Für die SPD geht es am Sonntag darum, auf welchem Niveau die Partei mögliche Verhandlungen über eine große Koalition mit Merkels Union aufnehmen würde. Dieses bei den Bürgern gern gesehene, unter den Beteiligten aber weniger geschätzte Bündnis würde vor allem dann fast unausweichlich, wenn die Alternative für Deutschland (AfD) in den Bundestag einzieht, die ihre Kampagne fast ausschließlich auf dem Widerstand gegen die möglichen Kosten der Euro-Rettung gestützt hat.
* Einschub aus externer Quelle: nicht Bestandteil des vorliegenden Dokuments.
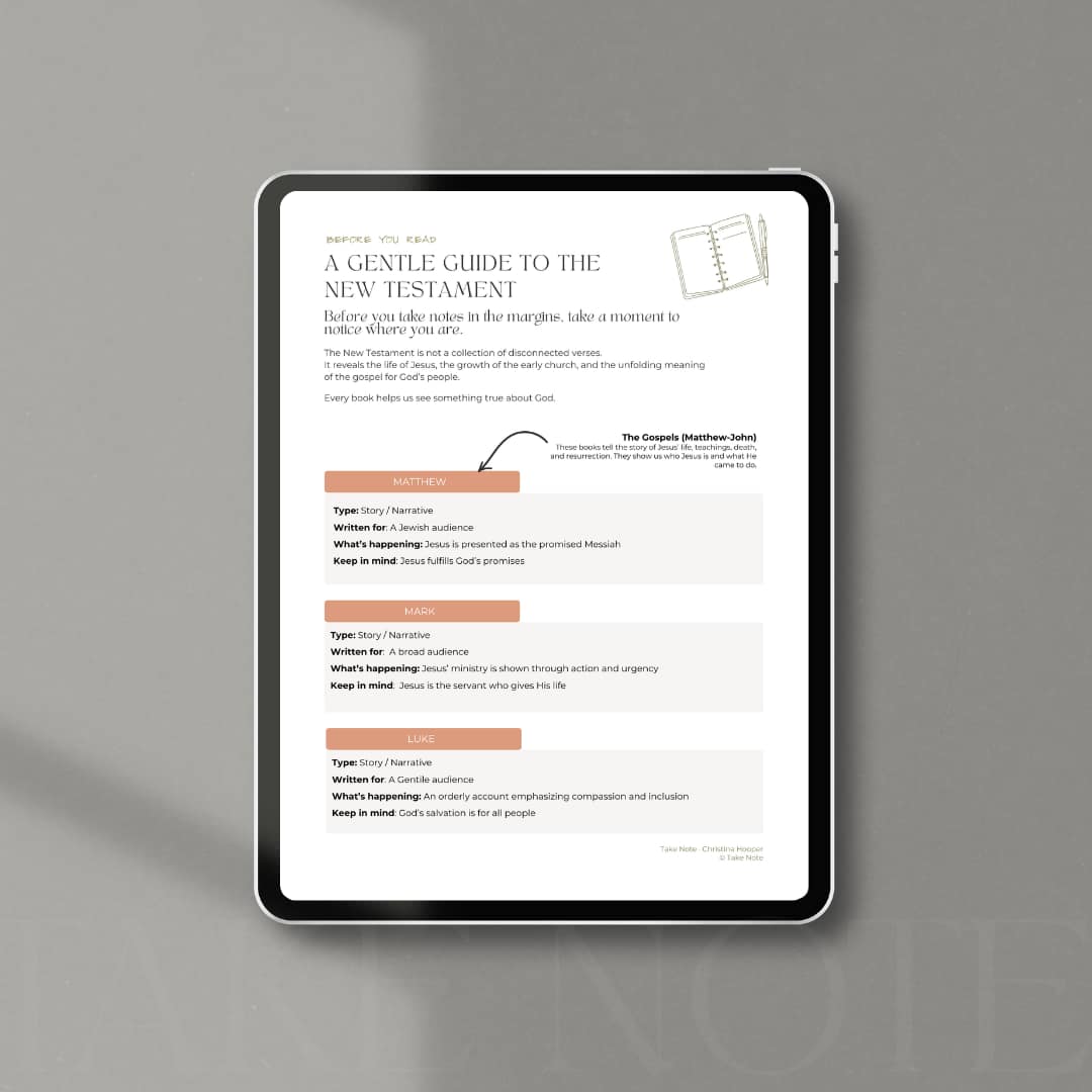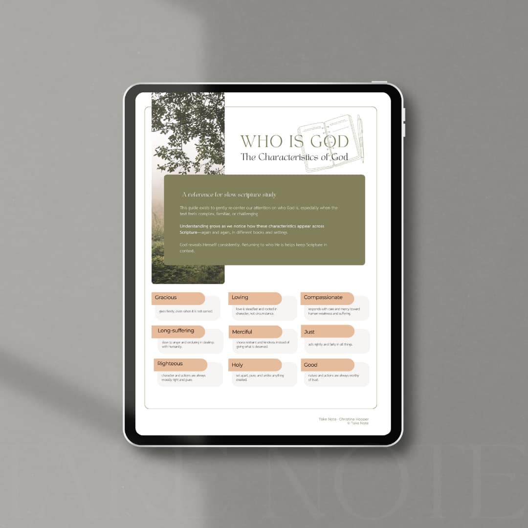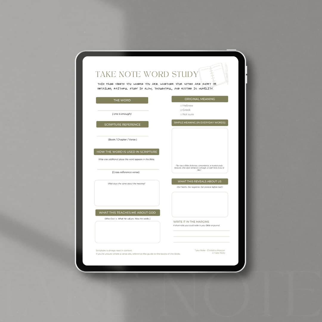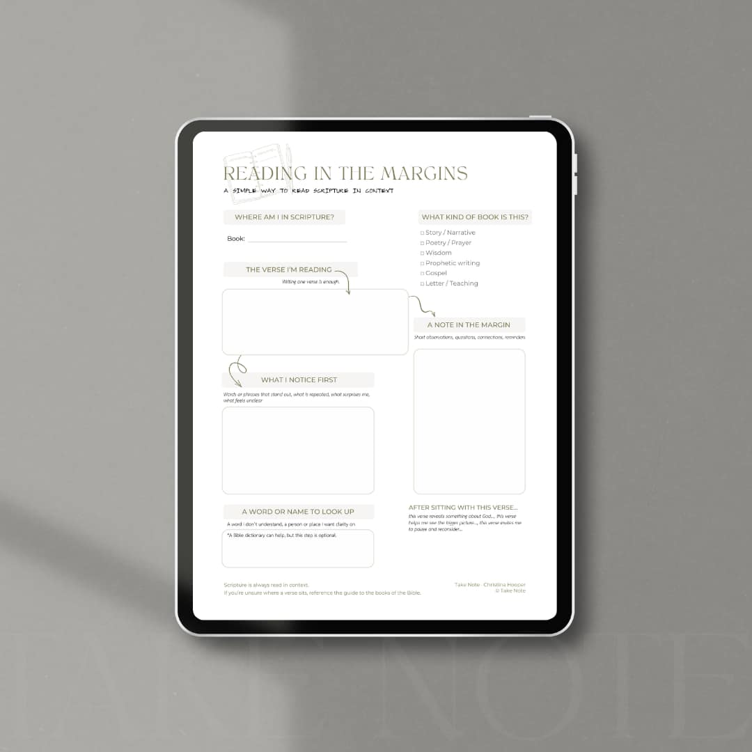 I’m working on a physical Take Note Study Guide that gathers these slow study tools into one place and offers space to keep your Scripture notes over time.

Paradoxerweise würde also ein Erfolg der AfD eine Regierung aus den Parteien fördern, die klar für die Rettung des Euro stehen - und im Zweifel auch dafür, dass Deutschland höhere Kosten trägt.
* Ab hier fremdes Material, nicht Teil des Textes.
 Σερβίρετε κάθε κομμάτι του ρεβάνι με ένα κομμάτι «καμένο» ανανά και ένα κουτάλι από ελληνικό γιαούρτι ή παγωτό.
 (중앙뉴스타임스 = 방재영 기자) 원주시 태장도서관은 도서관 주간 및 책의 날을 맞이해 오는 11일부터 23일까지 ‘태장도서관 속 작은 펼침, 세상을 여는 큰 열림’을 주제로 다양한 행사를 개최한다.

2005, nach dem Ende von Rot-Grün, sprachen Union und SPD auf politischer Augenhöhe miteinander, weil nur wenige Zehntelpunkte zwischen den Wahlergebnissen lagen. 2013 landet die SPD - aller Voraussicht nach - umgerechnet irgendwo auf der Höhe zwischen Hals und Bauchnabel der Kanzlerin.

Für die Spitze der Sozialdemokraten kein leichtes Unterfangen, den eigenen Leuten schmackhaft zu machen, sich noch einmal in Merkels Joch zu fügen. Am Donnerstagabend in einer letzten Fernsehrunde von Spitzenleuten der im Bundestag vertretenen Parteien in ARD und ZDF wirkte freilich SPD-Chef Sigmar Gabriel schon nicht mehr besonders angriffslustig, sondern mit einem Plädoyer für breiten Konsens bei Sozialreformen fast schon großkoalitionär gestimmt.

Peer Steinbrück hat wissen lassen, er werde an Gesprächen mit der Union mitwirken, obwohl er nicht mehr als Minister unter Merkel dienen will. Wie zementiert dieses Nein zu einem Platz im Kabinett ist, wird sich noch weisen. Nicht nur Stefan Raab als Moderator des Fernsehduells, sondern in dieser Woche auch die Altkanzler Schmidt und Schröder haben die Klugheit dieser Festlegung öffentlich infrage gestellt.

Zumal von den starken Ministern aus der Zeit der bisher letzten großen Koalition bei der SPD diesmal auch Franz Müntefering und Olaf Scholz fehlen würden - und wohl auch Frank-Walter Steinmeier, der allem Anschein nach lieber Fraktionschef bleiben möchte. Sollte Steinbrück sich nicht überreden lassen, an die Seite Merkels zu ziehen, wird die SPD wohl hinterfragen, warum der gescheiterte Kandidat noch Verhandlungen führen soll, wenn er deren Ergebnis gar nicht vertreten will.